I get immense satisfaction from perfectly balancing my reading material. Not too much of the same thing, while still maintaining some level of cohesion. It occurs to me that I haven’t talked about this before, but now it feels right to share a little bit here about how I achieve—or at least try to achieve—that beautiful balance. I never choose what book I’m reading next until I finish the one on hand. I recently discovered that this is called mood reading. I never knew it had a name because I never thought about reading any other way. It’s just not possible for me to know what I will be yearning for ahead of time. I cannot constrain myself. Even when I go on vacation I bring double the number of books I might read, and sometimes I might even leave them all sitting in my bag and go buy a book instead. That’s just my way.
The best part about this approach, in my opinion, is looking back after the fact and realizing that my reading wasn’t random at all. Without fail, there are always threads of connection that I can trace two, three, four books back. This July, I read love stories. I read about loving yourself, loving each other, loving true loves. Falling in love, losing love, learning to love. Love love love! You can read my review of The Mill on the Floss here, and without further ado, my other two July reads right down below :)
The Nonesuch by Georgette Heyer
Like the mood reader I apparently am, after finishing The Mill on the Floss, I felt a bit lost. Where to turn after a novel that struck me so powerfully, straight in the gut?
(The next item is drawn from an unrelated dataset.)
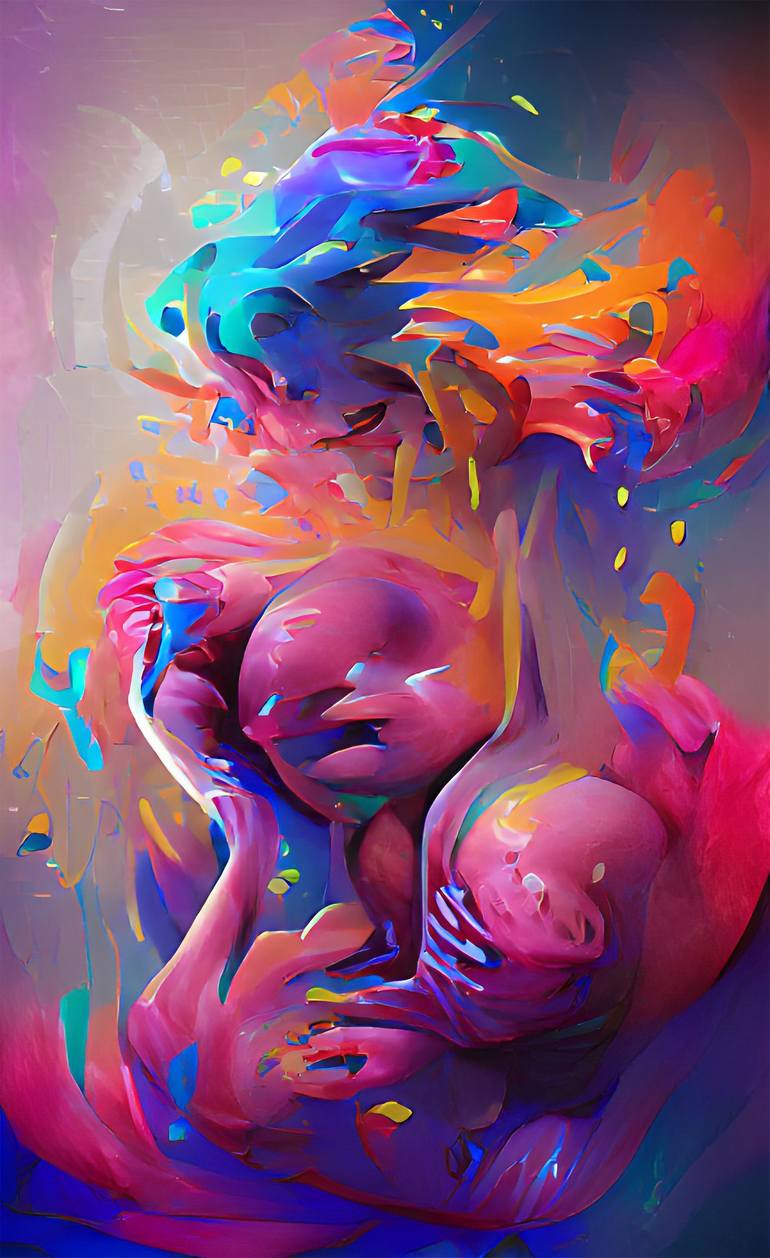 Mother's Love represents a birth, the first time a mother holds her child. It represents emotion and true love and a first touch, the natural touch of life! In the painting I can't only see a mother holding her child, but I can also feel all her emotion highlighted in the colors and shapes! A woman ...

My emotions were frayed, and Eliot’s words still danced through my head. I realized that my inner voice had taken on a strange Victorian lilt. Knowing that I needed some rollicking fun but desirous of avoiding a cold plunge back into modernity, there was only one place to turn: my dearest, darling, lively, weaver of all literary delight, Georgette Heyer.
I picked up The Nonesuch and prepared to be transported, to laugh, and squeal, and blush—but like the way that one hand hold in the Kiera Knightley adaptation of Pride and Prejudice makes you blush. Chastely. I was not disappointed on any of the above counts. I’ve said it before, and I’ll say it again: Georgette Heyer does not miss. Her characters come to life so effortlessly, and before you even realize you’re watching her paint a portrait, it stands completed before you ready to jump off the page (canvas? I lost track of my metaphor again).
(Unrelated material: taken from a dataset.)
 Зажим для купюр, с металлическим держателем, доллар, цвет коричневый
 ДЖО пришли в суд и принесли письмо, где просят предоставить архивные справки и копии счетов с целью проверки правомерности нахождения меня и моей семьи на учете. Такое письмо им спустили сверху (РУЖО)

The Nonesuch opens on dashing Sir Waldo Hawkridge sharing with his rather dismayed extended family that he is, in fact, the sole heir to their distant uncle’s fortune. That fortune includes dilapidated Broom Hall in the provincial village of Oversett. What on earth could Sir Waldo, society prince, possibly care for in a sleepy country town? Well…
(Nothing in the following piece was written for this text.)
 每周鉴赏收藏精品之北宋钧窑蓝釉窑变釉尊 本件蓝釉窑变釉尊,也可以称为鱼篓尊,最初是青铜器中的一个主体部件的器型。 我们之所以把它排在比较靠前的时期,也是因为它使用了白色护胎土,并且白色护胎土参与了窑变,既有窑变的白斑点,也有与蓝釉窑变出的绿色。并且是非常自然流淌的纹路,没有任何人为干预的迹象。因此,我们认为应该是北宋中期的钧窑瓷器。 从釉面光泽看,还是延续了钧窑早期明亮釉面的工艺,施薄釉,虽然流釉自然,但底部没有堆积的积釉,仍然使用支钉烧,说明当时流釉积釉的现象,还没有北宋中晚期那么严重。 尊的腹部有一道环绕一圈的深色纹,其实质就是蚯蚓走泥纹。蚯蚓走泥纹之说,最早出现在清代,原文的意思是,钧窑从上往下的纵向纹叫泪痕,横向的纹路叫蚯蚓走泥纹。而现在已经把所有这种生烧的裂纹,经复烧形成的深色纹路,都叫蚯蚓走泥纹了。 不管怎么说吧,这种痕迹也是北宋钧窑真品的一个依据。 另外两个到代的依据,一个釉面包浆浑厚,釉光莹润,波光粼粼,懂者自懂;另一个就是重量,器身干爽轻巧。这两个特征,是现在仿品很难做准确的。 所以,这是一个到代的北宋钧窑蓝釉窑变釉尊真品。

He arrives at Broom Hall with Lord Julian Lindeth, his younger and much-admiring cousin, and it isn’t long until they’ve acquainted themselves with all of the respectable houses in the surrounding area. One house in particular, headed up by the widow, Mrs. Underhill, has a particularly beautiful niece staying within its walls. Miss Tiffany Wield is that beautiful girl, and she’s an heiress to boot! Young Lindeth is immediately infatuated with this tempestuous “diamond of the first water,” but Waldo finds the self-possessed woman serving as Tiffany’s governess much more intriguing. Miss Ancilla Trent is on the shelf at twenty-eight (duh), but is it really too late for love?
It’s good, clean, reliable fun, but of course, I’m not terribly difficult to please in this category. I am positively tickled by regency romance. If I believed in calling anything a “guilty pleasure,” this would be mine. If successfully executed, the historical setting helps to smooth out some of the wrinkles that can arise in the romance genre. I’m simply less likely to notice when things feel…predictable or trope-y if I’m focused on calling cards, and petticoats, and chaperones, and morning visits.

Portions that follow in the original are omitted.